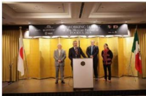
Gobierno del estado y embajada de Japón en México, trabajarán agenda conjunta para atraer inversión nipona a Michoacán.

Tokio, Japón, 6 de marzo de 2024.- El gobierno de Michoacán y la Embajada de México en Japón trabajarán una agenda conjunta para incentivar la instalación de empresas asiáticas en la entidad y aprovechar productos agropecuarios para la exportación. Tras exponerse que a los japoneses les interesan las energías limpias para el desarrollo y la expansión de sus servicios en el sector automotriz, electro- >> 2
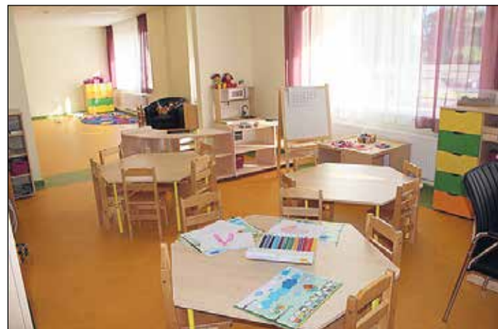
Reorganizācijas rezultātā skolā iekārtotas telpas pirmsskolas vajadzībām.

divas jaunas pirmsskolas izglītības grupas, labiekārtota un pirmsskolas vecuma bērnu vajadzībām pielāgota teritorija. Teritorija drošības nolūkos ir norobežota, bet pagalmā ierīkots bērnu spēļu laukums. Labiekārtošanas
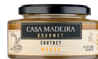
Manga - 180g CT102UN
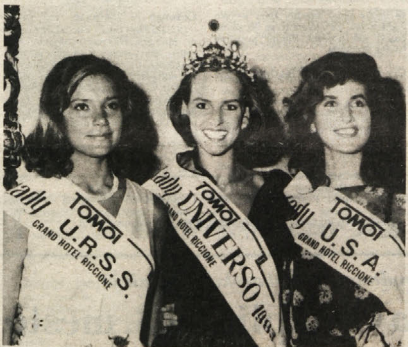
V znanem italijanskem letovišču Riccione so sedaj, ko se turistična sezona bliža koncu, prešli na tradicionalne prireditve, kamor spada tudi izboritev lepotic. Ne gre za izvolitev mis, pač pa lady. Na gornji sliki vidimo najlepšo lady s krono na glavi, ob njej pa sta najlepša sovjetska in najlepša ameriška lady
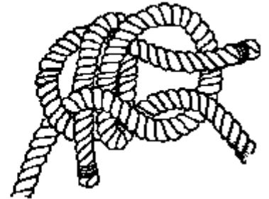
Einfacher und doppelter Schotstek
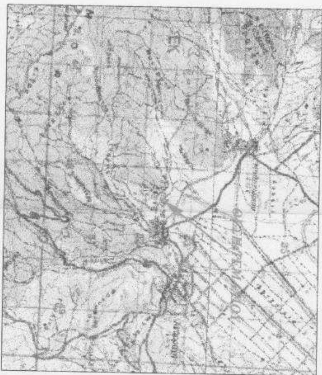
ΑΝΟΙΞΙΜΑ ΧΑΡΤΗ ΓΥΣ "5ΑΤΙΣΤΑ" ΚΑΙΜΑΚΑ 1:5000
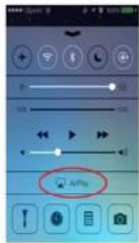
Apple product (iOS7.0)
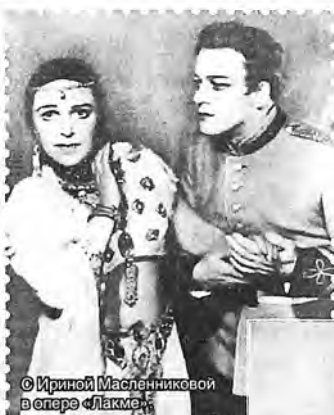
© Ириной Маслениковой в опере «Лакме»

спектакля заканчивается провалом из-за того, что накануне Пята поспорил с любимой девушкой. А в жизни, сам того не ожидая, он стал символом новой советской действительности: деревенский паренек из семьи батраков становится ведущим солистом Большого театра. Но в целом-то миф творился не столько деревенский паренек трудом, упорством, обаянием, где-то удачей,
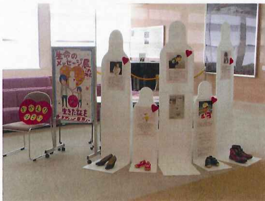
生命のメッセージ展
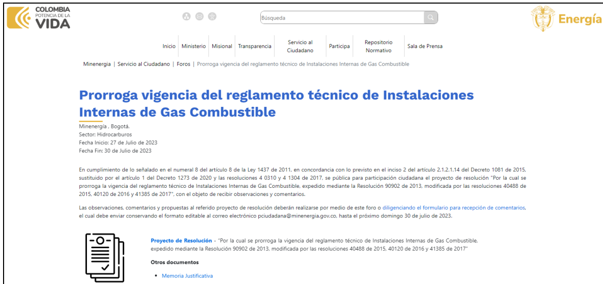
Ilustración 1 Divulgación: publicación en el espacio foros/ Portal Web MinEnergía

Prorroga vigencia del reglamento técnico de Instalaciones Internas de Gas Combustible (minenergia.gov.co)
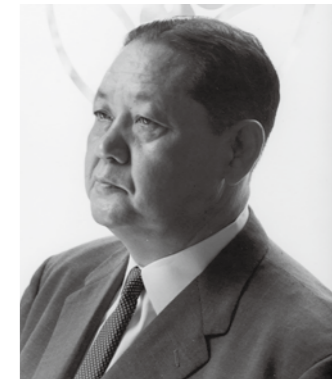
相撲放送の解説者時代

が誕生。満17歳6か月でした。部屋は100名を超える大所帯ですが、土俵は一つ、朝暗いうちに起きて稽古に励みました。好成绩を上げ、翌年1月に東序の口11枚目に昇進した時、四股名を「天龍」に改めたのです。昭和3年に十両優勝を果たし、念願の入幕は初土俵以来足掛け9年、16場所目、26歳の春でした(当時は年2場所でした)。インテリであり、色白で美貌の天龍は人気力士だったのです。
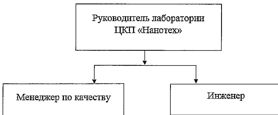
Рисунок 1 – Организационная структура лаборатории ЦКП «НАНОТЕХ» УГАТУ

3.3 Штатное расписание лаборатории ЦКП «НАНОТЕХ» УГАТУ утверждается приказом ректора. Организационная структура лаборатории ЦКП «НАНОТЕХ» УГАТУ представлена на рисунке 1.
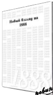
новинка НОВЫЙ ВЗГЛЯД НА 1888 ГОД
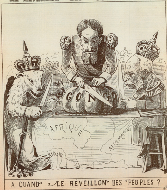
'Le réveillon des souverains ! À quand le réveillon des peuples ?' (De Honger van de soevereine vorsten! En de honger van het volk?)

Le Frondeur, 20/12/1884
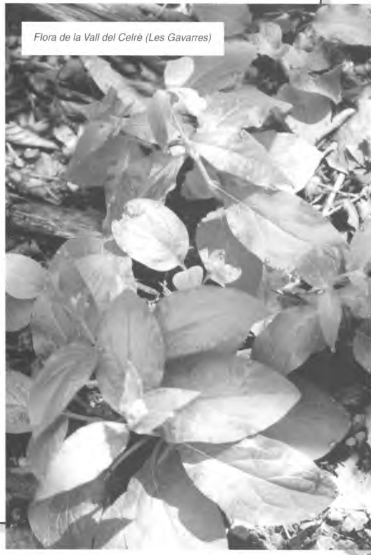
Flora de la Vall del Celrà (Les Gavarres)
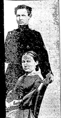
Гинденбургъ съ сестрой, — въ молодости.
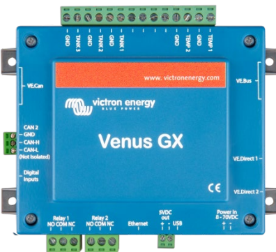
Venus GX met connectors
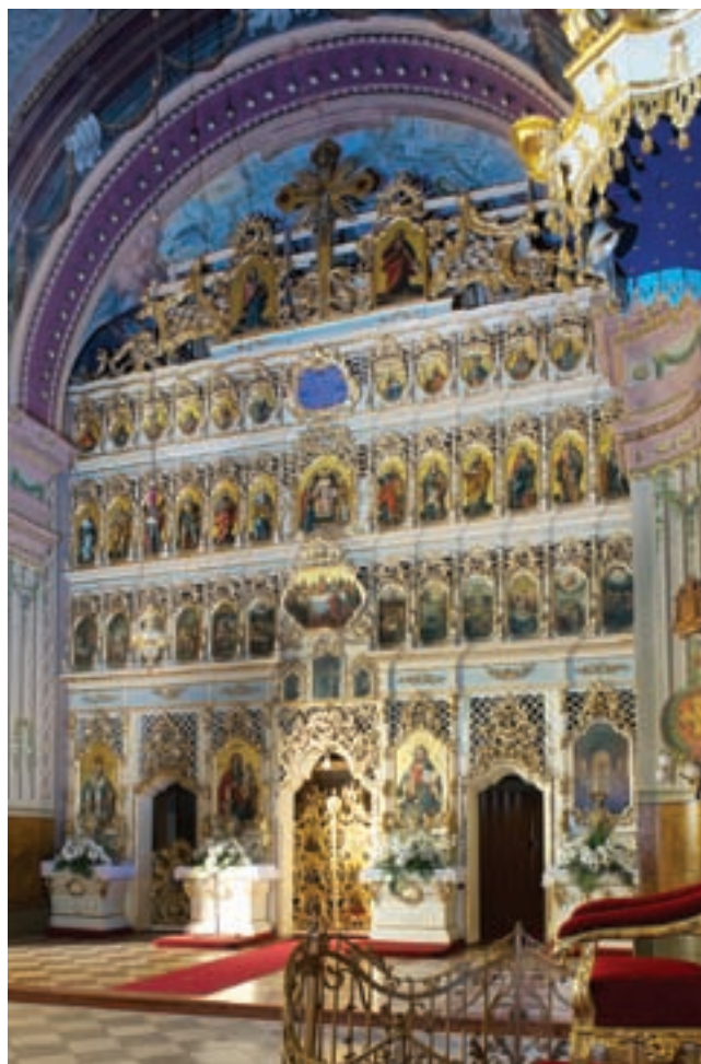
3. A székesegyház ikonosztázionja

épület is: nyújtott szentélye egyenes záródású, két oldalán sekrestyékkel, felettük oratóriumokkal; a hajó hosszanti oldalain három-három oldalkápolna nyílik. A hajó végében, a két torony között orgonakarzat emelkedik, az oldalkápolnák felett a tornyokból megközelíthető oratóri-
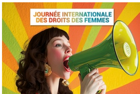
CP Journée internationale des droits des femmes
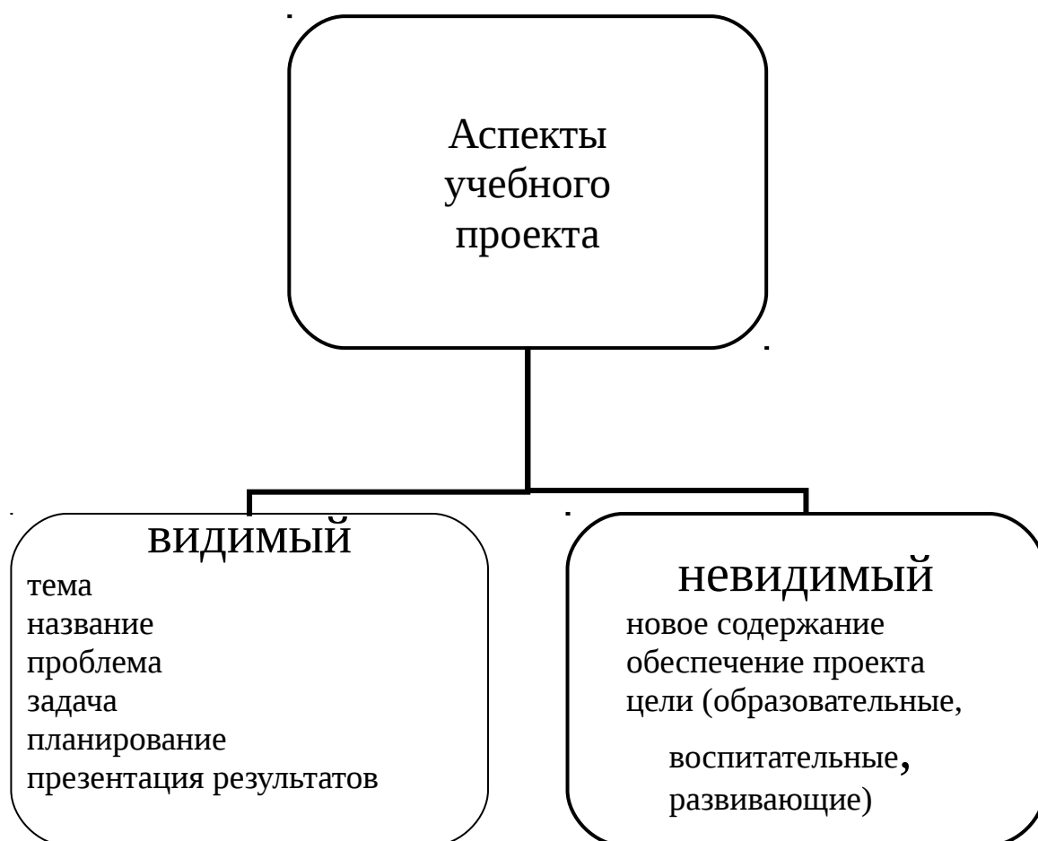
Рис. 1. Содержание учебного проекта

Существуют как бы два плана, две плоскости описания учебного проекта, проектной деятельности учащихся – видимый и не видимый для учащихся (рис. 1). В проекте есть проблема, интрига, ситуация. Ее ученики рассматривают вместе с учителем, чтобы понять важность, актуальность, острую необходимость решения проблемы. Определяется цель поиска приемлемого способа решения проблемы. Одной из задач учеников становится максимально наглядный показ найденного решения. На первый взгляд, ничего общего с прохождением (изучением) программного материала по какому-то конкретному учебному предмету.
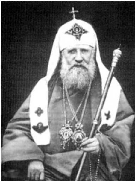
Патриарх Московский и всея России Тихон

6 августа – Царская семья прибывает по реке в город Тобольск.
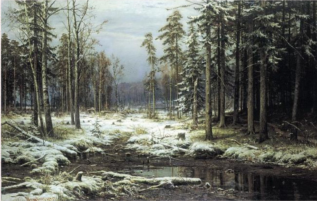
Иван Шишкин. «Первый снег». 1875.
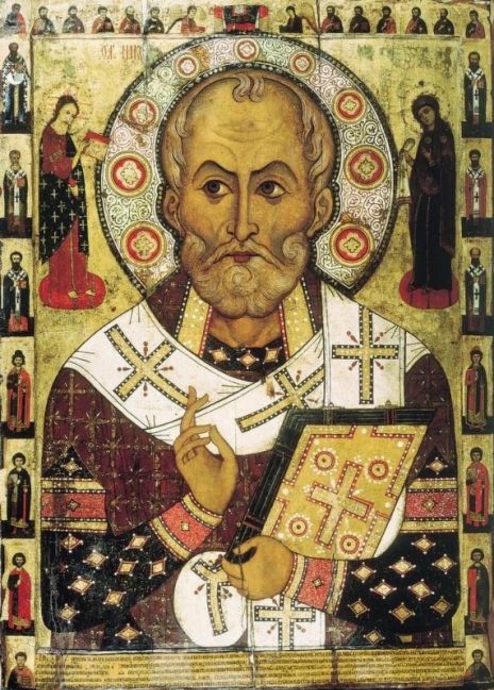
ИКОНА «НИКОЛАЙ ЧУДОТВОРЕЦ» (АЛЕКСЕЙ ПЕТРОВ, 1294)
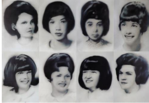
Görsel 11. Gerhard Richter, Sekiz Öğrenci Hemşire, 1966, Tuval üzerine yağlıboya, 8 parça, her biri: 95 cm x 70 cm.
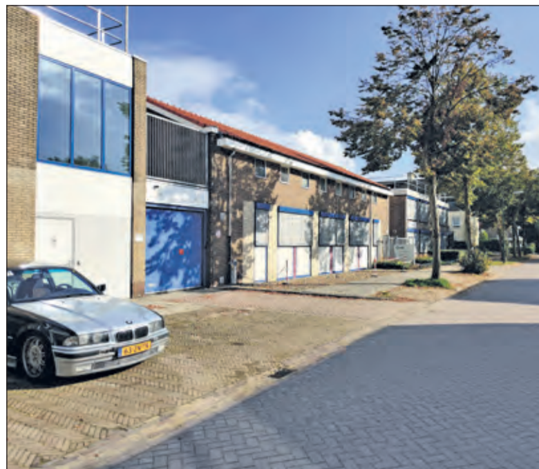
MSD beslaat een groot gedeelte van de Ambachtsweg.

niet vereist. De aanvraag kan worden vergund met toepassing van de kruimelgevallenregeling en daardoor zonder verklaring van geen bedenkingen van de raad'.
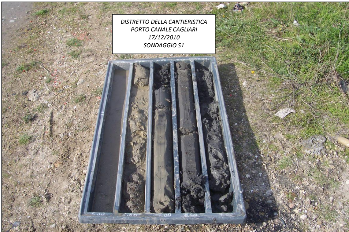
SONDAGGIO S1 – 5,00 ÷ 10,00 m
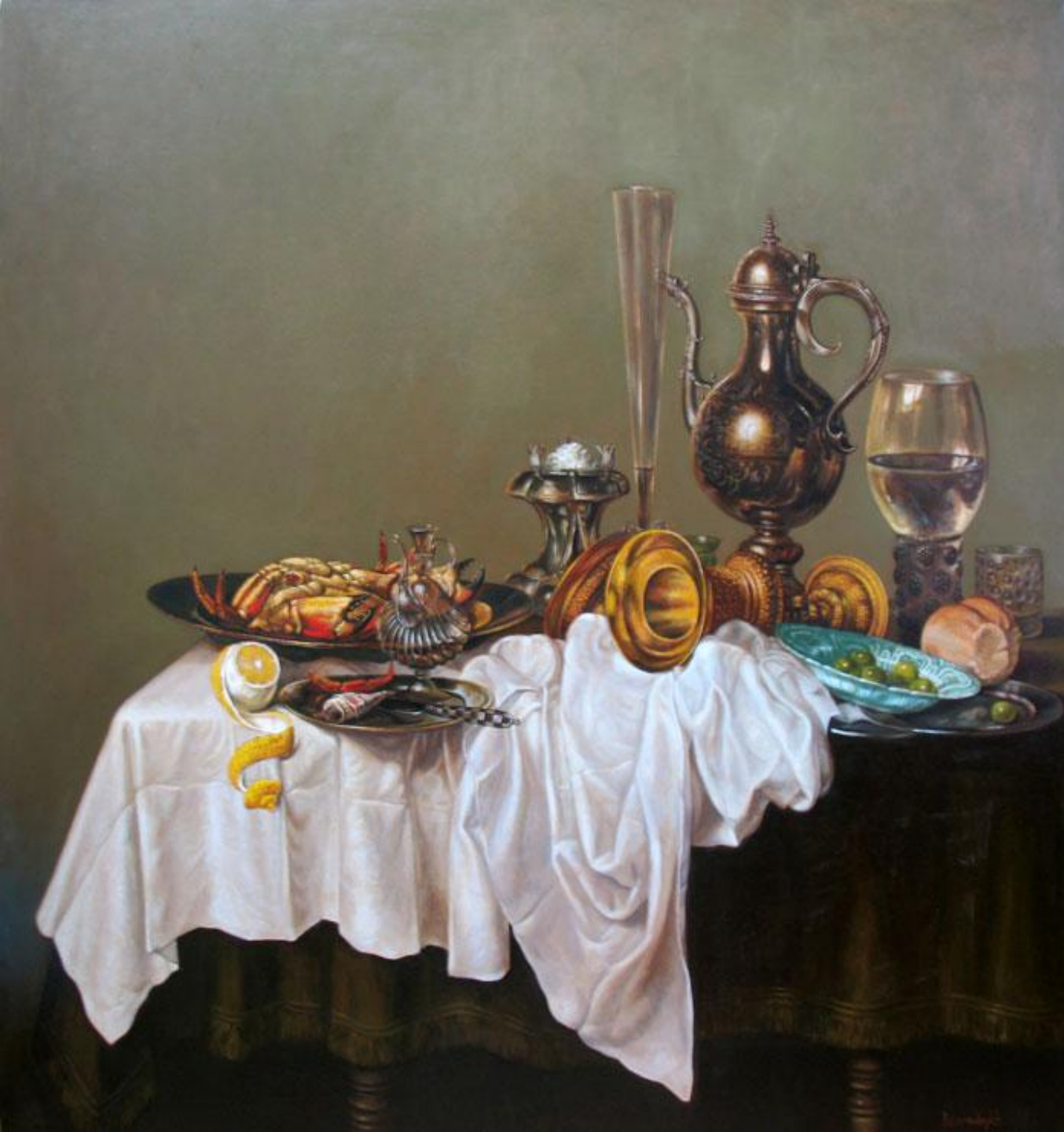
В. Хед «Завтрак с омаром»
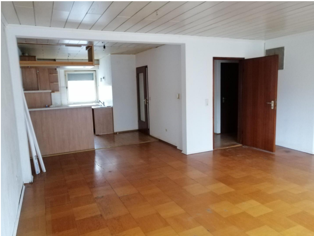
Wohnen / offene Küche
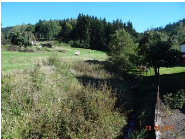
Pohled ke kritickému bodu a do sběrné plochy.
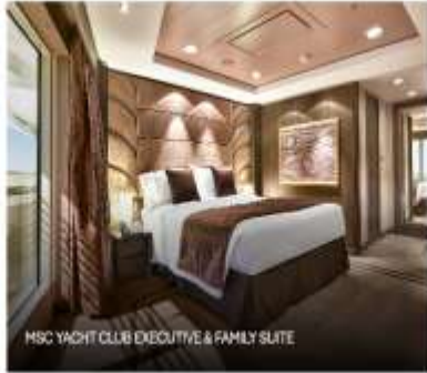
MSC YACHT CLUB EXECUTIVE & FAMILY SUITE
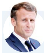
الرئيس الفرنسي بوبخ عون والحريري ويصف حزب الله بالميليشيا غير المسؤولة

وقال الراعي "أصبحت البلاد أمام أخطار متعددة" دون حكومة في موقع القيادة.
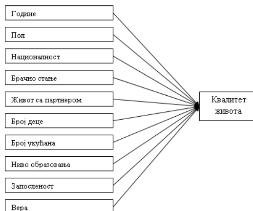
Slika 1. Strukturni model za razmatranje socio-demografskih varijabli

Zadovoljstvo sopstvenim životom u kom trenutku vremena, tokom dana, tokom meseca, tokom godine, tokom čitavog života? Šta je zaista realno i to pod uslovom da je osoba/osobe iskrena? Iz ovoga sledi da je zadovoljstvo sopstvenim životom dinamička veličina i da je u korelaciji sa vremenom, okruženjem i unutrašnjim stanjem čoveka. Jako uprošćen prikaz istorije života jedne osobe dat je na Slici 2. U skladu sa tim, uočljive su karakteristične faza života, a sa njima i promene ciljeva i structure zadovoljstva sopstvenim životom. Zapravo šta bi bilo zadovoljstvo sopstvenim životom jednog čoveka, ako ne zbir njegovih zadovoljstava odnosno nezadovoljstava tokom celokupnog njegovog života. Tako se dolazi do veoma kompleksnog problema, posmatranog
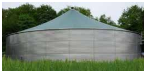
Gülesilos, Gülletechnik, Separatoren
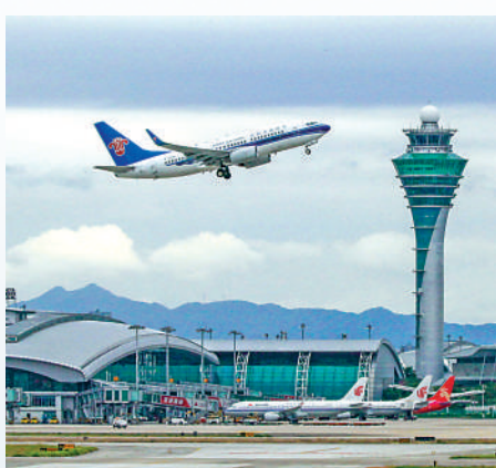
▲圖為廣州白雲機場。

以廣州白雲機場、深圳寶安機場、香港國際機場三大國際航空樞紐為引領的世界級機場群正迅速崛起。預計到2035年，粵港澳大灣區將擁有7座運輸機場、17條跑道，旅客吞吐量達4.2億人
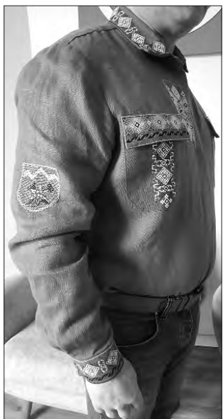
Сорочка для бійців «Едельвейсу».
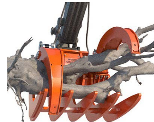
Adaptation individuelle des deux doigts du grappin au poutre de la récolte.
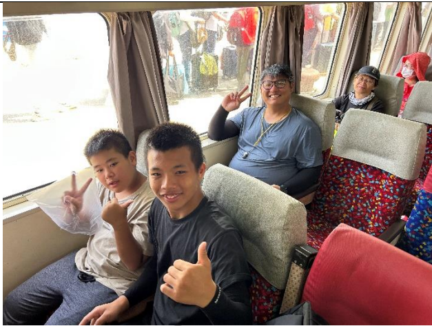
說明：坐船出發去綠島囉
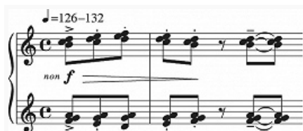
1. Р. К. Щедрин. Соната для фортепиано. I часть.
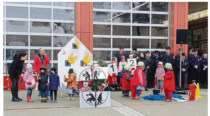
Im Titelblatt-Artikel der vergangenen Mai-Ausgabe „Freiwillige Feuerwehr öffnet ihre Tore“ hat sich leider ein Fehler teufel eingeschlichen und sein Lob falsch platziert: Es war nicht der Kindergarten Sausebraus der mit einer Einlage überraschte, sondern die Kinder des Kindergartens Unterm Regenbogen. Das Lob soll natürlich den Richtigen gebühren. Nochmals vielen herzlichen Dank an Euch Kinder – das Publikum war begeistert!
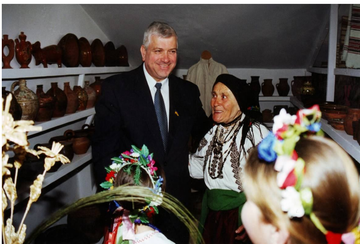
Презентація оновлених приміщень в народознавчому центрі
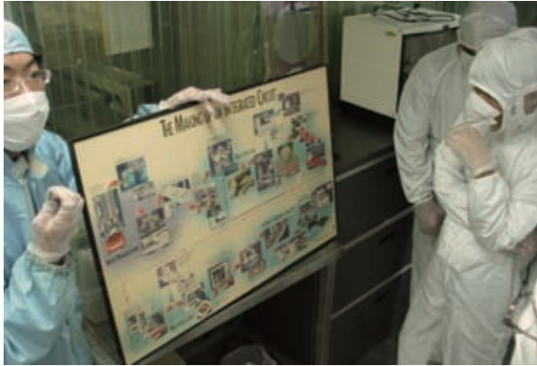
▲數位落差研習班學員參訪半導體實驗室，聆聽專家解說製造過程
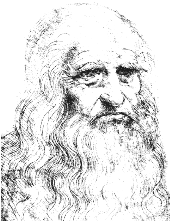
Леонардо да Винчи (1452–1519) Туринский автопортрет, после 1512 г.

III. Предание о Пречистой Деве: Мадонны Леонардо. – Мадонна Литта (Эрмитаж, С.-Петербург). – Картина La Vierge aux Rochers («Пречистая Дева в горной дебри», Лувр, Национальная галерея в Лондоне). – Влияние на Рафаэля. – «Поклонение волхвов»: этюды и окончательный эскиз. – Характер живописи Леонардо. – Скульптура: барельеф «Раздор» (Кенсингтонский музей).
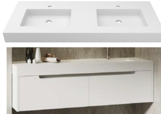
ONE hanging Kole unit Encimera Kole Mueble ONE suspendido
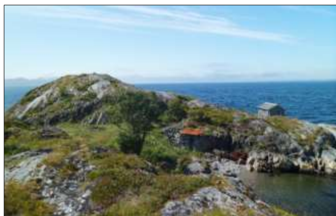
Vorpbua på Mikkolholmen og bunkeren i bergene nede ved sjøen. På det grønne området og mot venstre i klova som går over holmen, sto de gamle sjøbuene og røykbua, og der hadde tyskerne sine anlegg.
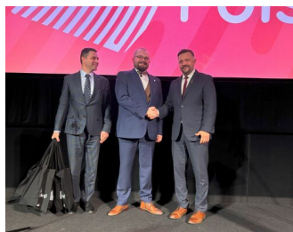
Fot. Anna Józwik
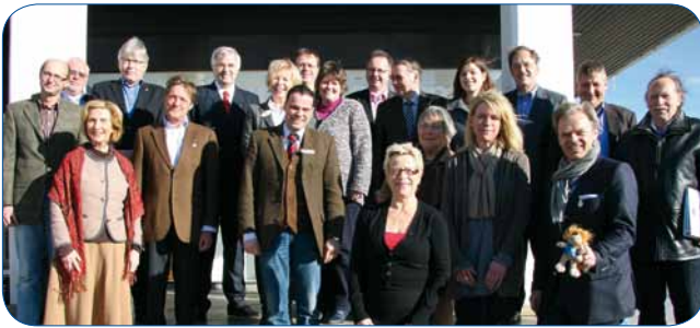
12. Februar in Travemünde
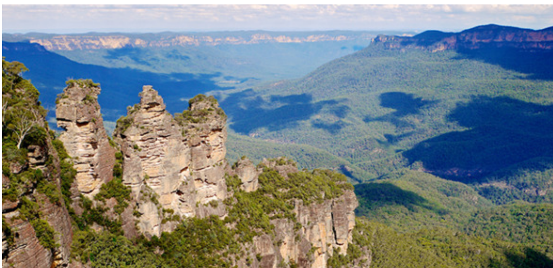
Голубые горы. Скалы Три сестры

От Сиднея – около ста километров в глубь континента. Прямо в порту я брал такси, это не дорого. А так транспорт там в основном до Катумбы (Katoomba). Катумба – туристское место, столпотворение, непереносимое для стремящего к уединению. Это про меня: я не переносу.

WHAT YOU ARE ASKED TO DO —
From the records above, transcribe only the stretch from the line with "van het volk?)" through the line with "CP Journée internationale", keeping both ends. Omit pictures.

YOUR RESPONSE —
'Le réveillon des souverains ! À quand le réveillon des peuples ?' (De Honger van de soevereine vorsten! En de honger van het volk?)

Le Frondeur, 20/12/1884
Flora de la Vall del Celrà (Les Gavarres)
Гинденбургъ съ сестрой, — въ молодости.
Venus GX met connectors
3. A székesegyház ikonosztázionja

épület is: nyújtott szentélye egyenes záródású, két oldalán sekrestyékkel, felettük oratóriumokkal; a hajó hosszanti oldalain három-három oldalkápolna nyílik. A hajó végében, a két torony között orgonakarzat emelkedik, az oldalkápolnák felett a tornyokból megközelíthető oratóri-
CP Journée internationale des droits des femmes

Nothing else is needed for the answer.